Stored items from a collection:

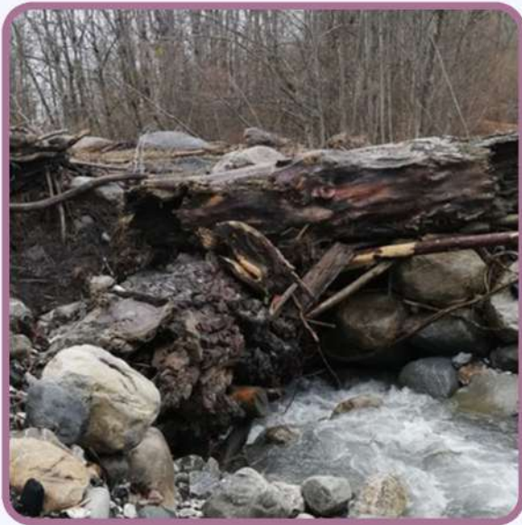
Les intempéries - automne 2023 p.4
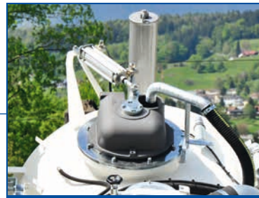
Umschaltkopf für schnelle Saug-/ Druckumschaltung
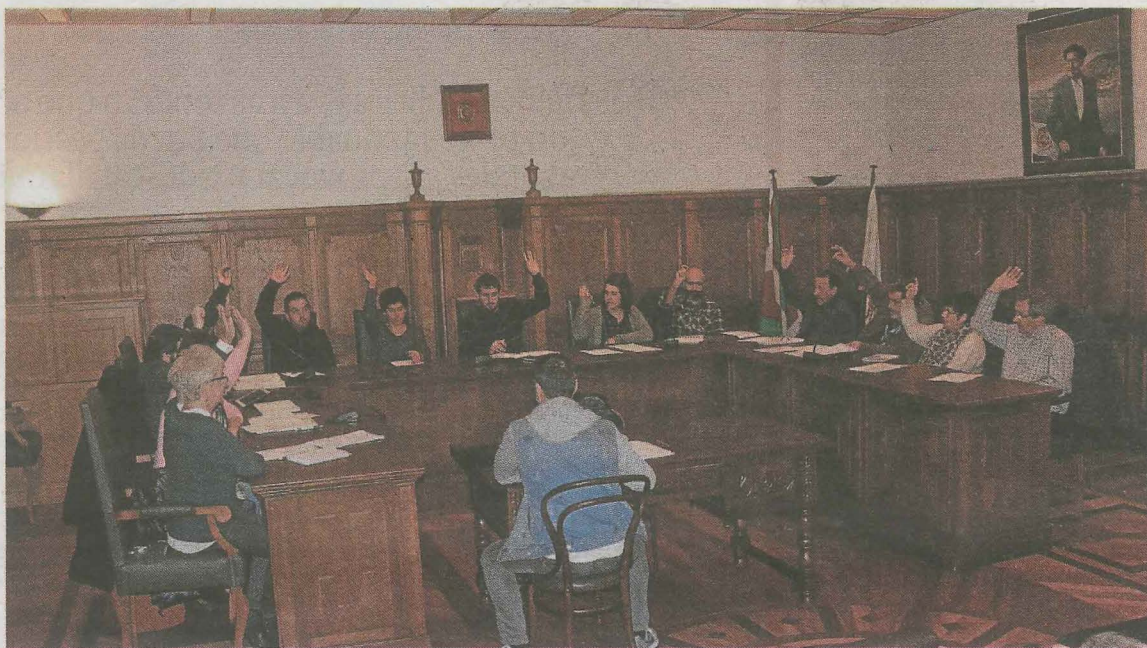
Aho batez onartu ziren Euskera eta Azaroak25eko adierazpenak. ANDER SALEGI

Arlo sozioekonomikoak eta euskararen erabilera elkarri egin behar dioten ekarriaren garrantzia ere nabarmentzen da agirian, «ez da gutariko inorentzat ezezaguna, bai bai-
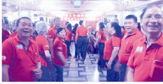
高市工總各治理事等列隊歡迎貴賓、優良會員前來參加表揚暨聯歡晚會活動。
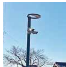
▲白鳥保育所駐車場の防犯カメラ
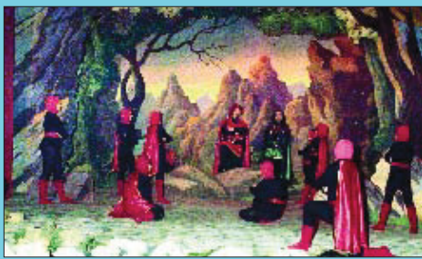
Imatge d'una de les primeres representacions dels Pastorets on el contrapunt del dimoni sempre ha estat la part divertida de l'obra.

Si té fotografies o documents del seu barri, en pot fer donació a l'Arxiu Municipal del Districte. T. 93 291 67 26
==
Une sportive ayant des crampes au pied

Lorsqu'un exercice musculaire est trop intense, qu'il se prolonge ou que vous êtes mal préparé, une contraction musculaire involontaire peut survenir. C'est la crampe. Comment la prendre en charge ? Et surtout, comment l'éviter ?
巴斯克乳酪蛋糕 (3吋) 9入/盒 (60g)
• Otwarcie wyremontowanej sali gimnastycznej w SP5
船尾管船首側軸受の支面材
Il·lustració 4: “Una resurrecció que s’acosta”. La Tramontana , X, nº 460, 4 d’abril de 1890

(HOW TO COMPLETE THIS TASK) Please copy the lines above from the line with "船尾管船首側軸受の支面材" up to and including the line with "d’abril de 1890", exactly as written and with nothing else.

(WRITTEN RESPONSE)
船尾管船首側軸受の支面材
Il·lustració 4: “Una resurrecció que s’acosta”. La Tramontana , X, nº 460, 4 d’abril de 1890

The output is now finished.